Правда, при этом позиции профсоюзов, фабзавкомов и различного рода пролетарских форумов по остальным насущным политическим вопросам нередко принципиально расходились. В то время как одни из них безоговорочно высказывались против большевиков и в поддержку Временного Сибирского правительства, Учредительного собрания и Сибирской областной думы, другие предложение о необходимости сохранения Советов дополняли такими требованиями к новым властям, как немедленное освобождение всех арестованных по политическим мотивам и красногвардейцев, сохранение 8-мичасового рабочего дня, свободы слова, печати, собраний и т. п. В резолюциях последних встречались даже такие радикальные требования, как предоставление Советам права контроля за Временным Сибирским правительством и его местными органами.

Основная масса сибирского населения — крестьянство — к свержению Советской власти отнеслась равнодушно, практически не приняв участие в ее вооруженной защите. Более того, во многих волостях и даже в некоторых уездах (в Минусинском, Тюкалинском) местное население собственными силами бескровно ликвидировало правление большевиков либо активно этому содействовало (в Бийском, Змеиногорском, Канском, Кузнецком, Курганском, Тарском уездах). Лишь в отдельных волостях красноармейцы и красногвардейцы нашли поддержку и сочувствие части местного населения.

Но было бы глубоким заблуждением на этом основании считать, что политическая ситуация в сибирской деревне после переворота отличалась определенностью и тем более оставалась однозначной. Сведения, собранные инструкторами-информаторами министерства внутренних дел Временного Сибирского правительства в Томской губернии, рисуют крайне противоречивую картину крестьянских настроений. Инструкторы-информаторы считали, что в 70 обследованных ими волостях отношение к Временному Сибирскому правительству было положительным, в 15 — отрицательным и в 25 — неопределенным. В 51 волости им удалось восстановить земство, в 49 — пришлось избрать временные исполнительные комитеты, а 9 волостях (по три в Кузнецком, Новониколаевском и Томском уездах) по настоянию местного населения они согласились на оставление Советов [20].

Что касается отношения крестьян к обновленным Советам, то нам удалось обнаружить единственное требование в пользу их существования. Оно прозвучало на 4-м крестьянском съезде Акмолинской области, походившем в Омске в начале июля 1918 г. В принятой почти тремястами делегатов съезда резолюции высказывалось предложение создать уездные, областные (губернские) и общесибирские Советы трудового крестьянства в целях его сплочения и информации [21]. Но появление этой резолюции нужно считать не столько отражением взглядов самих крестьянских делегатов, сколько влияния на них омских эсеров-максималистов и «центристов», а также выступившего на съезде уполномоченного Временного Сибирского правительства Б. Д. Маркова.
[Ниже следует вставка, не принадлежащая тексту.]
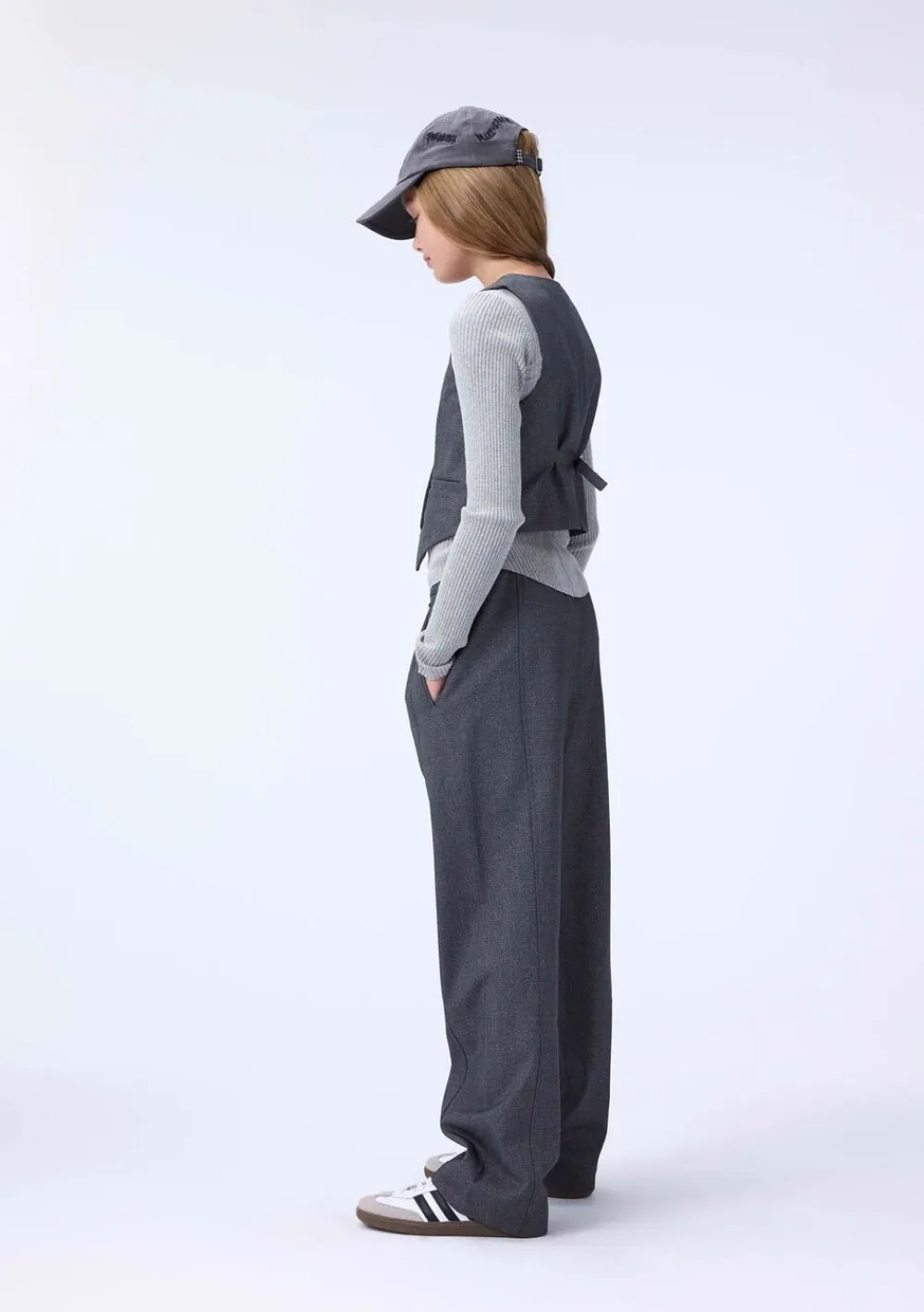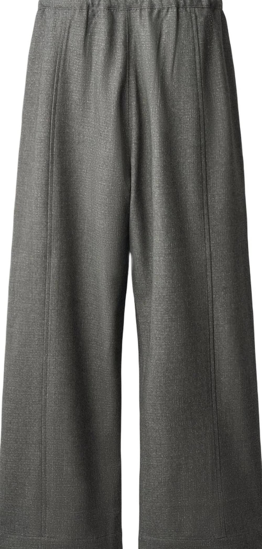 Disse grå flannelbukser fra Molo har en løs pasform, er let højtaljede med brede ben og læg, hvilket skaber en flot silhuet. De har to sidelommer og en flot syning ned langs benene foran og bagpå. Taljen har knap- og lynlåslukning samt en indvendig justerbar elastik for en god pasform.

Ярым противником Советов в любой их разновидности выступило подавляющее большинство сибирского казачества. Весьма показательна единогласно принятая 15 июня 1918 г. резолюция съезда делегатов 21 станицы 2-го военного отдела Сибирского казачьего войска, расположенных в пределах Петропавловского уезда. В ней говорилось: «Советскую большевистскую власть, как разрушающую государство и подрывающую в корне народное благосостояние, отметаем с презрением к ее представителям как насильникам народной воли и расхитителям народного достояния» [22].

Столь же определенно обозначили свою позицию две главные группы населения, представлявшие буржуазию: промышленники и торговцы. 16 и 20 июня 1918 г. в Омске состоялись собрания местных промышленников и торговцев, на которых был обсужден широкий спектр проблем текущей жизни: о формировании местной власти, об основных законах и о форме государственного правления в России, об отношении к Брестскому миру и к союзникам, о формировании вооруженных сил, об отношении к советскому законодательству и др. В их ряду значился и вопрос об отношении к Советам, на который был дан совершенно определенный ответ: «Все Советы и разного рода комитеты, за исключением профессиональных организаций, распускаются» [23].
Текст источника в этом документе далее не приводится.